[Stored records]
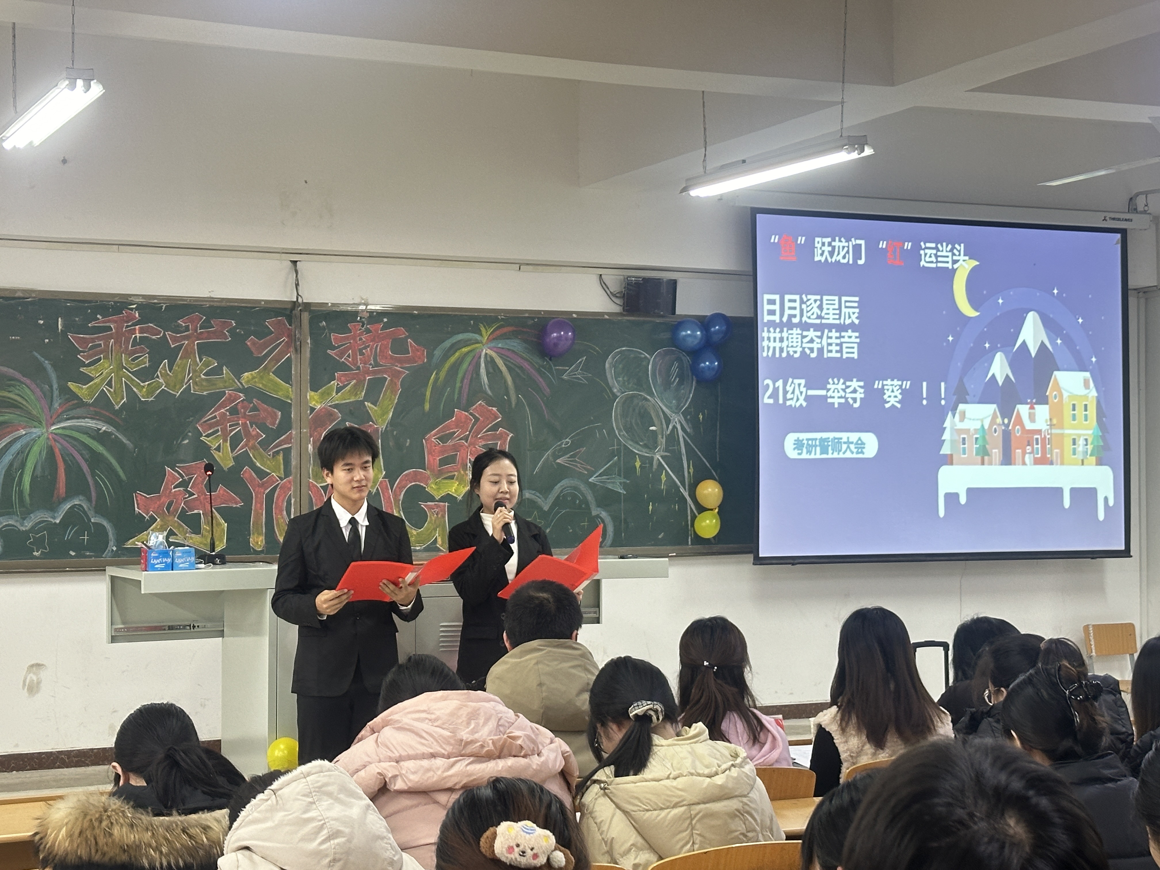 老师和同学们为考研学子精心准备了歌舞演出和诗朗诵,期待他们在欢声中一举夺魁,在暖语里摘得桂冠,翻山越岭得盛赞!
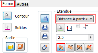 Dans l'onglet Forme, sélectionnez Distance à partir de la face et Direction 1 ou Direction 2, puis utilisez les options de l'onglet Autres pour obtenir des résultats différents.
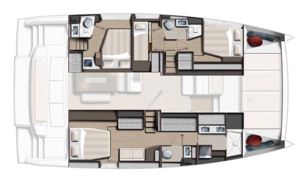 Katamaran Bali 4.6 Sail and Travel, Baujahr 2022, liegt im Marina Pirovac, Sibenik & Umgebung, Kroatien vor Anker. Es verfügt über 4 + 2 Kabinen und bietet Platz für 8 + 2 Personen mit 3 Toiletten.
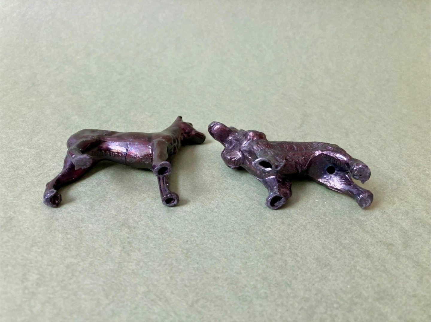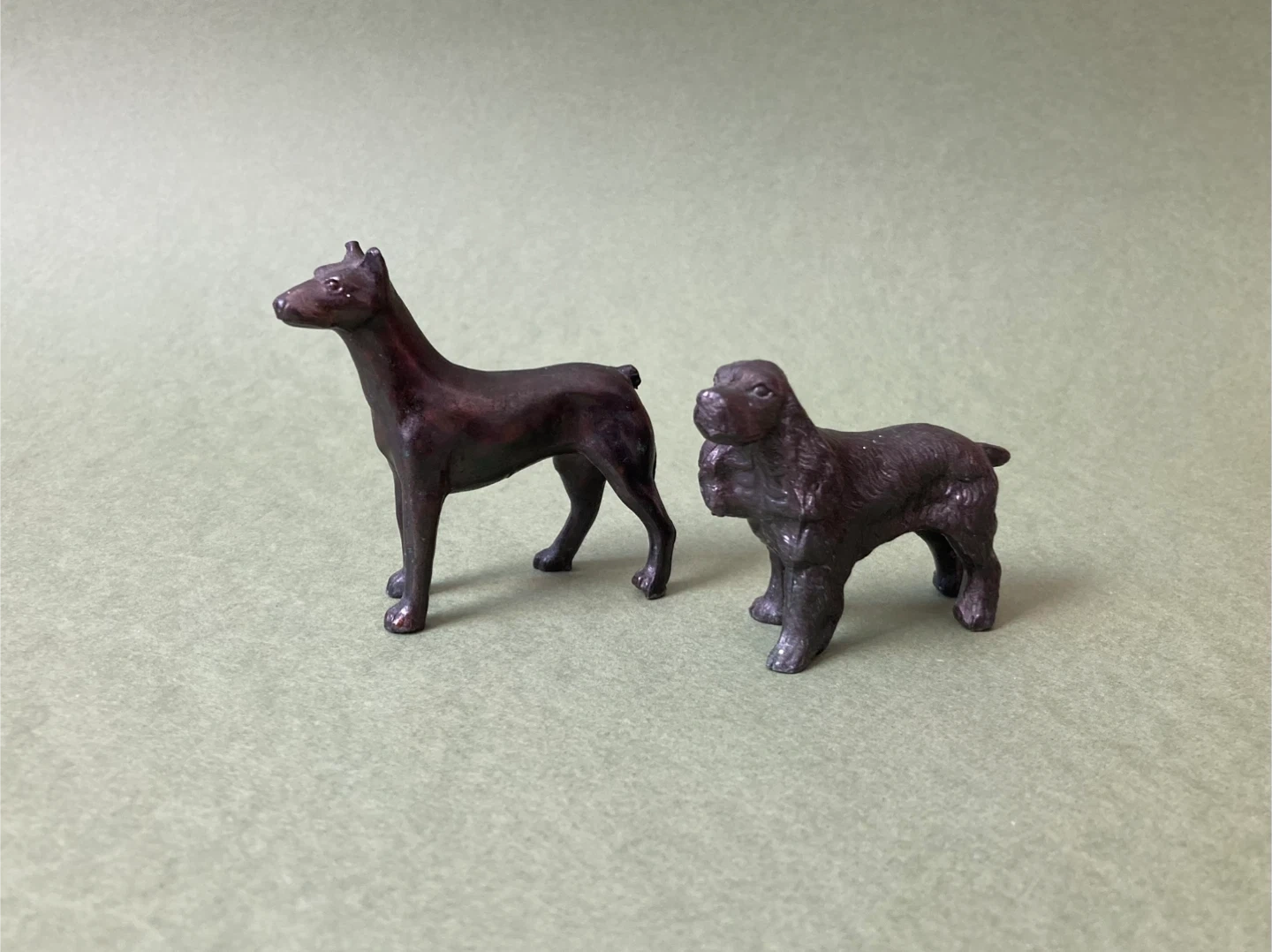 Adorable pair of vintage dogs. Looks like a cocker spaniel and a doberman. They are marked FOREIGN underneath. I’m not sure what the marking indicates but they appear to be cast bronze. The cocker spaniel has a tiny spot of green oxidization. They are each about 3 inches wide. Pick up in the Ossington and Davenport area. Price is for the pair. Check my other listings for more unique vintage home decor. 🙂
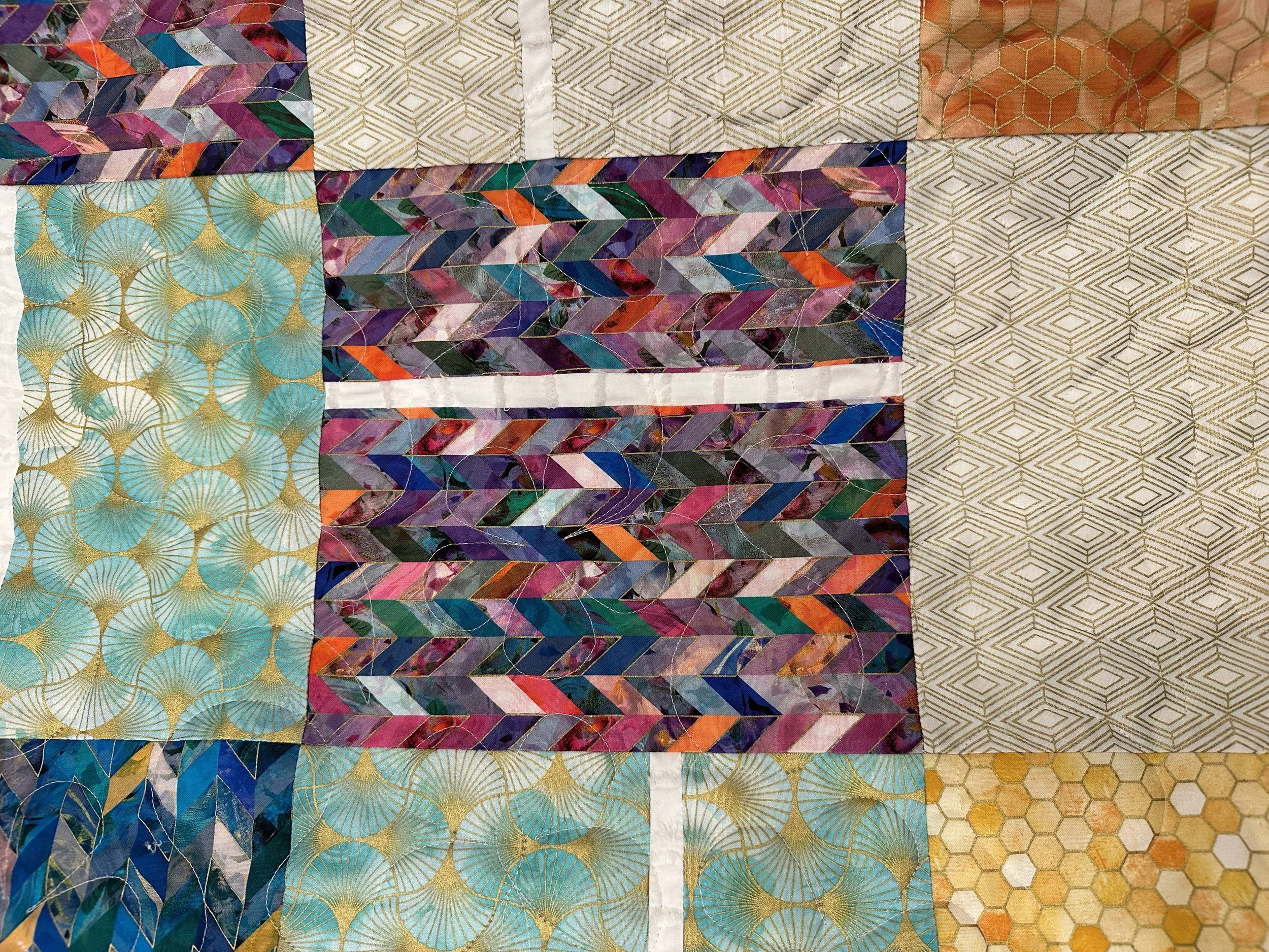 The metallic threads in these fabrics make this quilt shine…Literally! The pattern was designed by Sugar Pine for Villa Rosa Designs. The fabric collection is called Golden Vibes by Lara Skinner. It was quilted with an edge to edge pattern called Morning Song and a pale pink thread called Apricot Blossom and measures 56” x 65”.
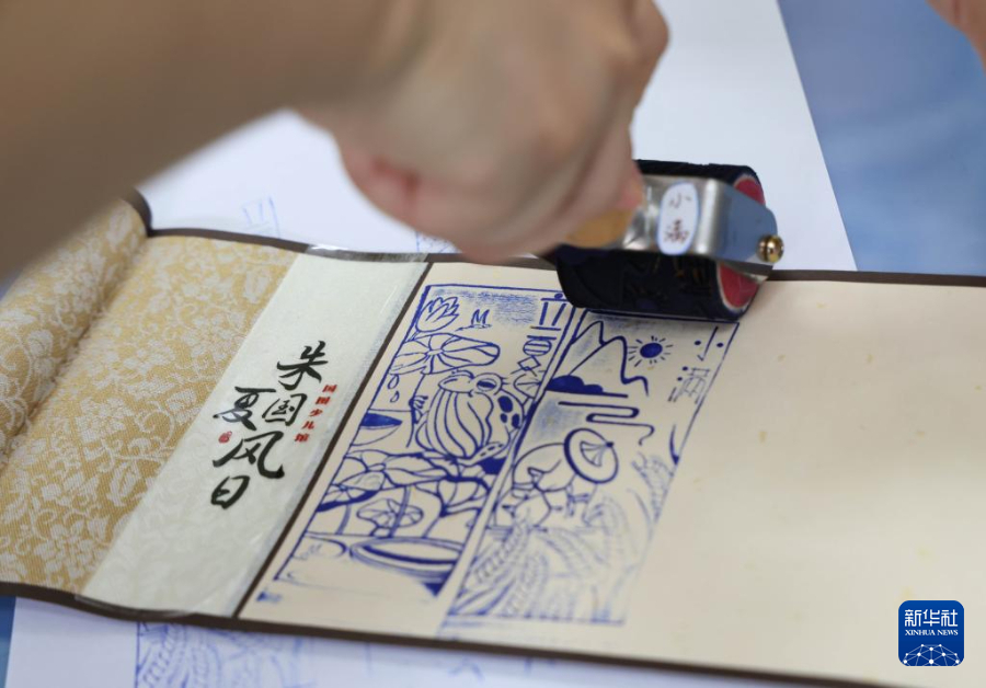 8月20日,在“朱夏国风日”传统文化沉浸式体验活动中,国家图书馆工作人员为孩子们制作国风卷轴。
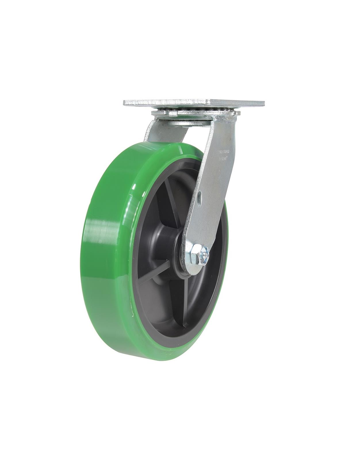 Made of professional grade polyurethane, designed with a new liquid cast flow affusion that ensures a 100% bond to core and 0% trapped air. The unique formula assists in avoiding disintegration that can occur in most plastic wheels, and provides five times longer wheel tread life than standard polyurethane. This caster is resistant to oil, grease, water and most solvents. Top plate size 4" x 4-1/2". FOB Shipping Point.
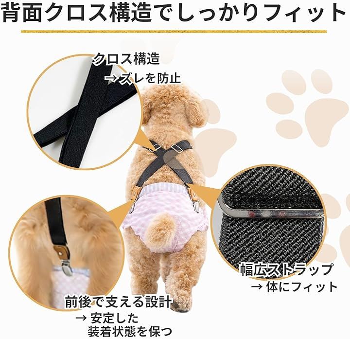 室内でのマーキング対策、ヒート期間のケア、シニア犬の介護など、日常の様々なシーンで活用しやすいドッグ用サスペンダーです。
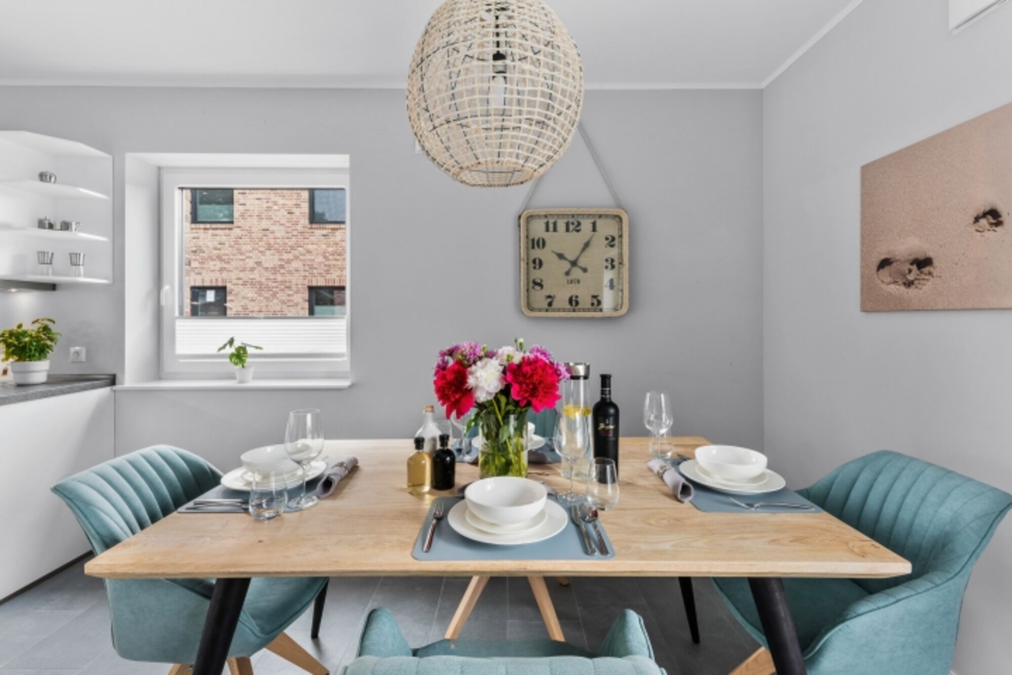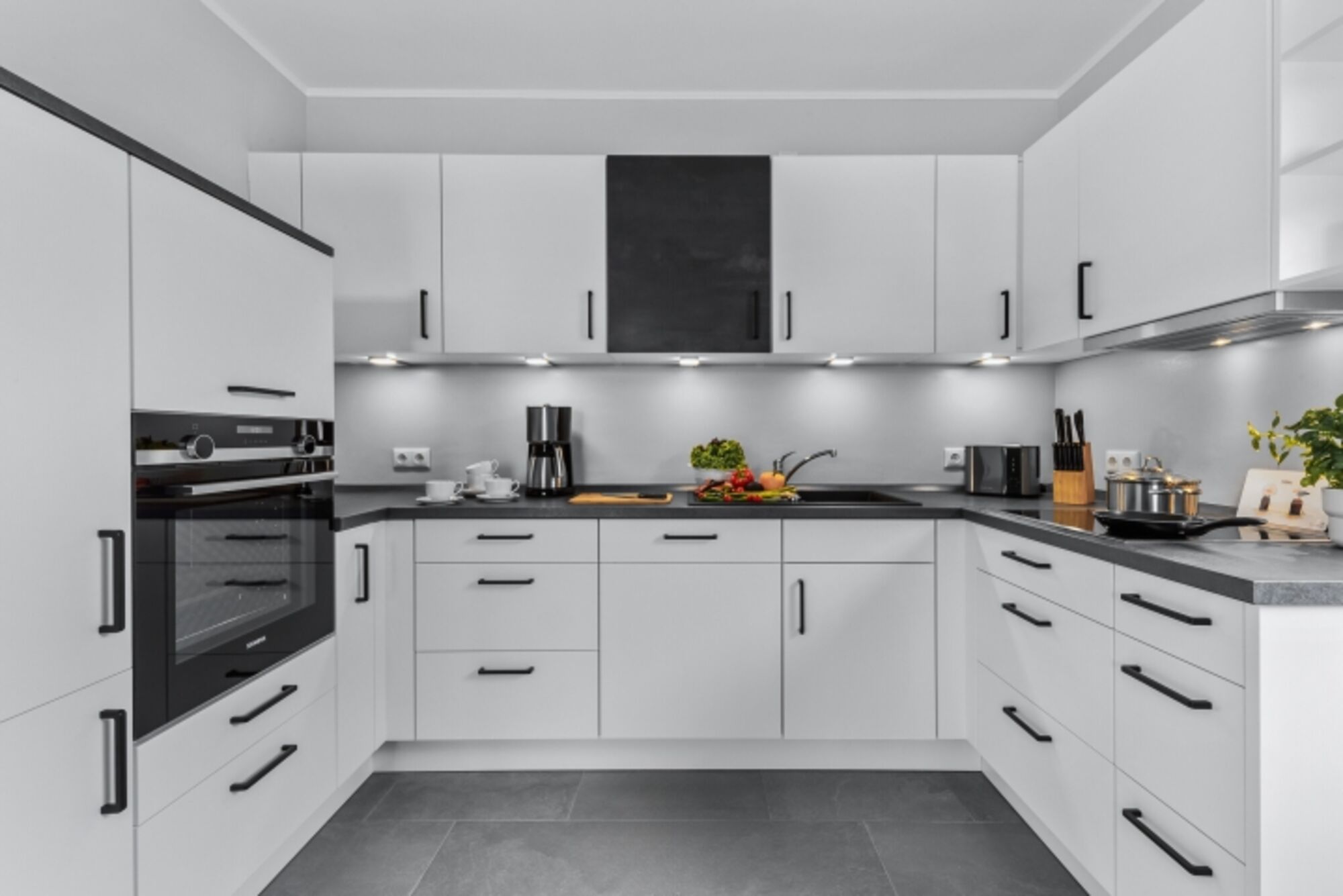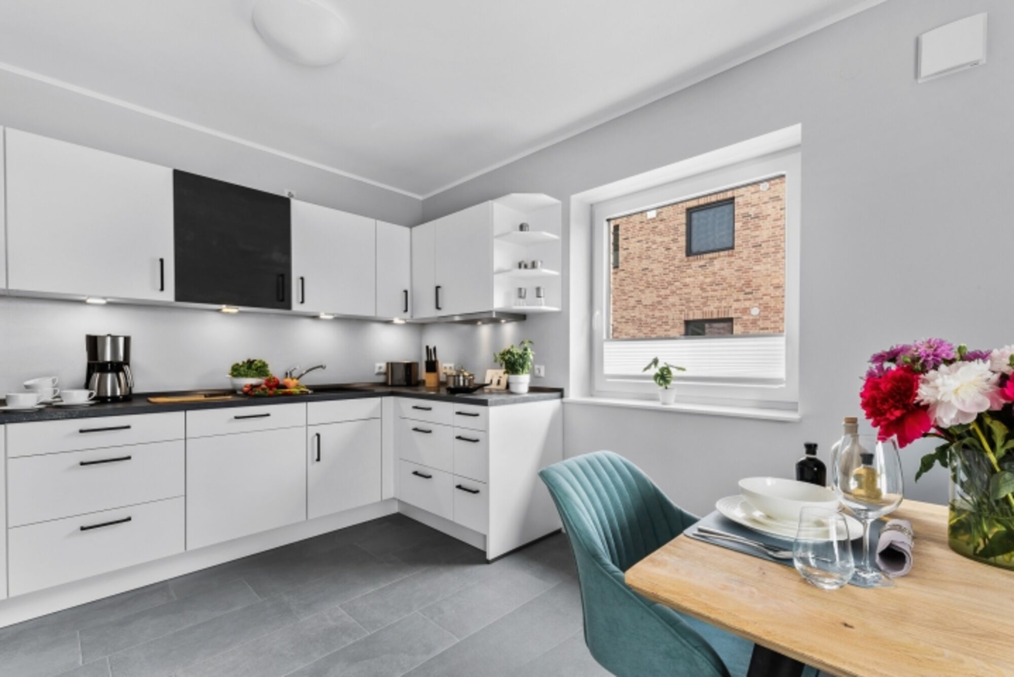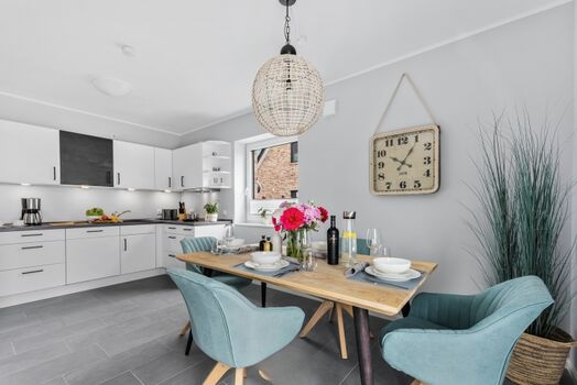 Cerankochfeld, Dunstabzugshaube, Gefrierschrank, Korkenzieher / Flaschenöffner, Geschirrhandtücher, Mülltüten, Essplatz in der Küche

What to do - Set out, exactly as given, the line that contains "室内でのマーキング対策、ヒー" along with each line after it through the end of the records above; omit the pictures.

Answer below -
 室内でのマーキング対策、ヒート期間のケア、シニア犬の介護など、日常の様々なシーンで活用しやすいドッグ用サスペンダーです。
 Cerankochfeld, Dunstabzugshaube, Gefrierschrank, Korkenzieher / Flaschenöffner, Geschirrhandtücher, Mülltüten, Essplatz in der Küche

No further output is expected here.